Copyright: © 2023 Clin et al. This is an open access article distributed under the terms of the Creative Commons Attribution License, which permits unrestricted use, distribution, and reproduction in any medium, provided the original author and source are credited.
Data Availability: Data sharing is not applicable to this article as no new data were created or analyzed in this study. The source code for our interactive online interface is available at https://github.com/PaulineClin/2_resistants_priming_model; this Python code also acts as a reference implementation of the code used to generate Figs 2–5. In addition, we provide a permanent link to the source code: https://doi.org/10.57745/DIILXR.
Funding: PC is supported by a Ph.D. fellowship from the INRAE “Plant Health and the Environment” Division and the Council of Brittany Region. The funders had no role in study design, data collection and analysis, decision to publish, or preparation of the manuscript.
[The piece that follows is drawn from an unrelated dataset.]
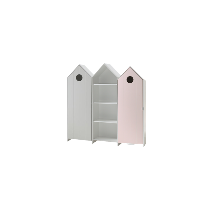 De kastjes uit de CASAMI collectie in de vorm van een strandhuisje geven meteen een speelse en kleurrijke toets aan elke kinderkamer. U kan ze combineren met verschillende artikels uit onze andere collecties. De kastjes met deuren in wit en lichtroze hebben 3 legplanken en een kledinghanger. De open kast in wit beschikt over 3 legplanken die naar eigen keuze kunnen worden ingedeeld. Er is dus voldoende opbergruimte voorzien voor kledij, speelgoed, boeken, beddengoed,...

Competing interests: The authors have declared that no competing interests exist.
1 Introduction
Current agricultural practices can be productive, but they also have negative externalities on our environment. They modify the functioning of ecosystems, contribute to the collapse of biodiversity and to climate change, pollute the environment, and impact human health [1, 2].
Intensive agriculture is mainly based on monocultures [3], which make agricultural environments favorable to plant disease emergence [4]. Despite the continuous selection of resistant plant varieties, pathogens often adapt and quickly break down newly introduced resistances [5]. This is why it is difficult to protect monocultures without pesticides.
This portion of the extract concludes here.